Il y a quelques jours, j’ai reçu une carte postale (et quelle carte postale !) de Romans dans la Drôme et Romans ça me parle en tant que fille : à Romans, il y a des chaussures (et même que Michelle Obama elle est fan des chaussures faîtes à Romans ;-), mais aussi de la caillette, de la pogne mais surtout des ravioles !

Et là bing, j’ai eu envie de manger des ravioles… et de les accommoder un peu à ma sauce avec plein de légumes, en l’occurrence un vrai d’hiver : le poireau et un de printemps (pour le faire venir ;-) : l’épinard (même si on trouve des épinards presque toute l’année, rien ne remplace ceux du printemps avec une pointe d’oseille frais)… ça a donné ce plat hyper facile à faire pour ceux qui n’aiment pas se compliquer la vie mais qui fait bien son petit effet !

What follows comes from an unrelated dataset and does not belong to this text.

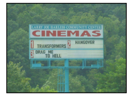
An ambulance service, Family Dollar Store, 3-plex cinema and community center are just a few of the other businesses that have sprung up in Gilbert WV in the past couple of years.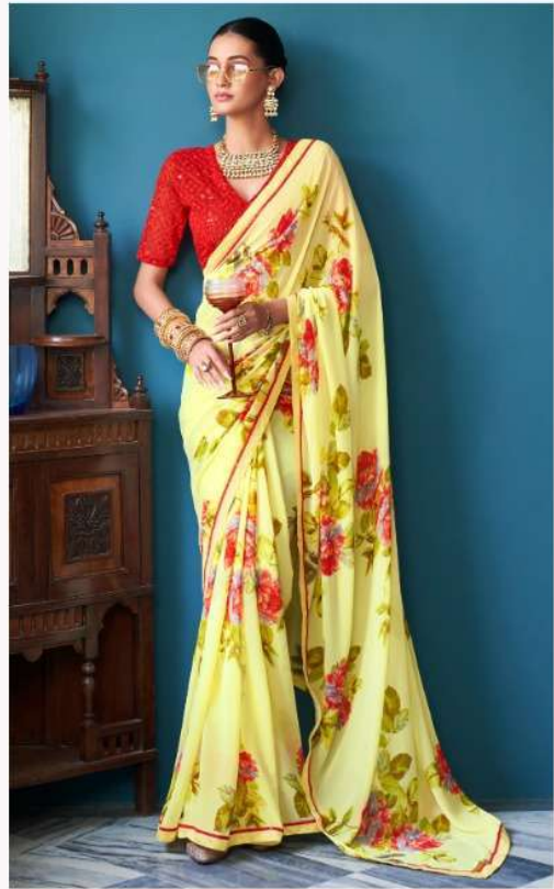
❖ JH /// 106 ❖

Pour ces lasagnes de ravioles – ou gratin de ravioles – aux poireaux et épinards, j’ai compté :

  • 8 plaques de ravioles (soit deux paquets, trouvables sans soucis en grande surface)
  • 3 poireaux
  • 150 gr d’épinards ( les miens étaient surgelés et bio)
  • éventuellement du pécorino ou de la ricotta.

Pour la béchamel :

  • 60 gr de beurre,
  • 3 grosses cuillères à soupe de farine,
  • 3/4 de litre de lait,
  • Sel, poivre et noix de muscade,

Pour la préparation :
Détailler les poireaux en tronçons et les faire suer dans une casserole à feu doux avec une cuillère de beurre. Les réserver.
Préparer votre béchamel (on révise nos classiques : comment faire une béchamel ? :mrgreen: ) (attention, il en faudra pour accommoder les deux légumes)

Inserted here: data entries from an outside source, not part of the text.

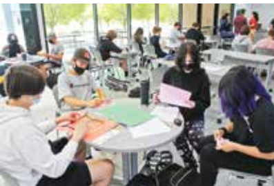
Last week featured great collaboration and project-based learning among RHTA high school students at the LCCC Ridge Campus! #RangerSTRONG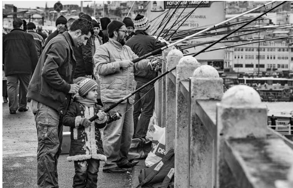
Galata—Fishing family-style from Leonardo da Vinci’s favorite bridge. Tower—are two of the most fabled waterways in history. The Topkapi Palace housed the Sultans, their Harems, their troops of Janissaries, and the enormous governing retinues led by their Viziers. The Hagia Sophia, the Blue Mosque, and the Süleymaniye Mosque were three leading jewels in the life of historical Islam. Legendary names like these alternately terrified and inspired generations of humanity.

So with all that history and the lively, chaotic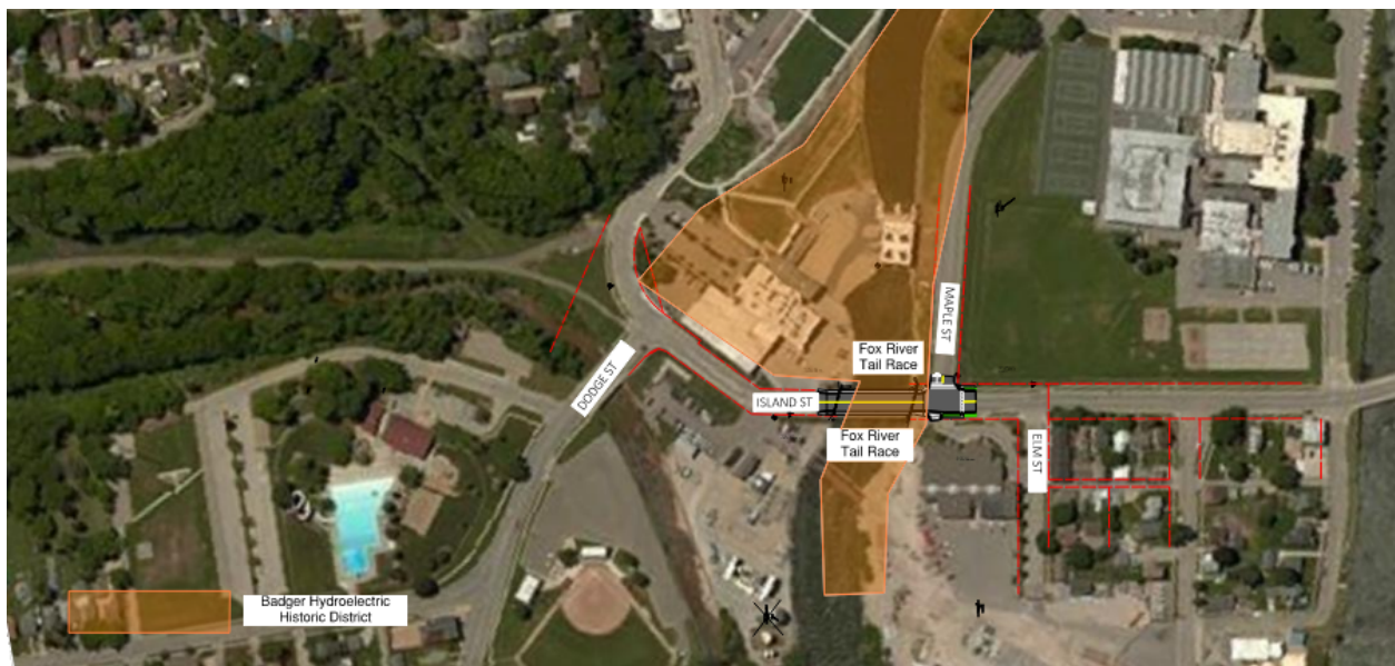
Figure 3: Section 4(f) Resources

The Riverview Middle School and Badger Hydroelectric Historic District are within the project limits and are considered Section 4(f) properties. Section 4(f) resources are publically protected parks, recreation areas, wildlife, or waterfowl areas and any significant historic or archaeological sites. In the case of this project, we have determined that we are not impacting the Riverview Middle School property and the proposed bridge project is not adversely impacting the characteristics of the historic district.

  • Faire fondre le beurre dans votre casserole à feu doux,
  • Lorsque le beurre est complètement fondu, baisser le feu et ajoutez la farine cuillère par cuillère et remuer doucement du hors du feu pour éviter les grumeaux,
  • Ajouter petit à petit le lait légèrement tiédi. Au final, votre béchamel doit être onctueuse et légèrement liquide.
  • Poivrer et saler et ajouter quelques grammes de noix de muscade.

Répartir la moité de votre béchamel dans la casserole des poireaux et garder la seconde moitié pour accommoder vos épinards.

Dans un plat carré ou rectangle de préférence et légèrement beurré, commencez à dresser votre plat : on démarre par un étage d’épinards, puis poser deux plaques de ravioles, ajouter une couche de poireaux, puis recommencer l’opération. Si vous souhaitez relever un peu le tout, intercaler quelques tombées de pécorino entre chaque étage ou si vous aimez charger un peu plus en onctuosité, on peut intercaler un peu de ricotta entre chaque couche…

Passer le tout à four chaud (180 degrés) pendant 30 minutes. Mmmmmmm.

NB : si vous souhaitez le servir de façon un peu plus soignée, prévoir des petits plats individuels.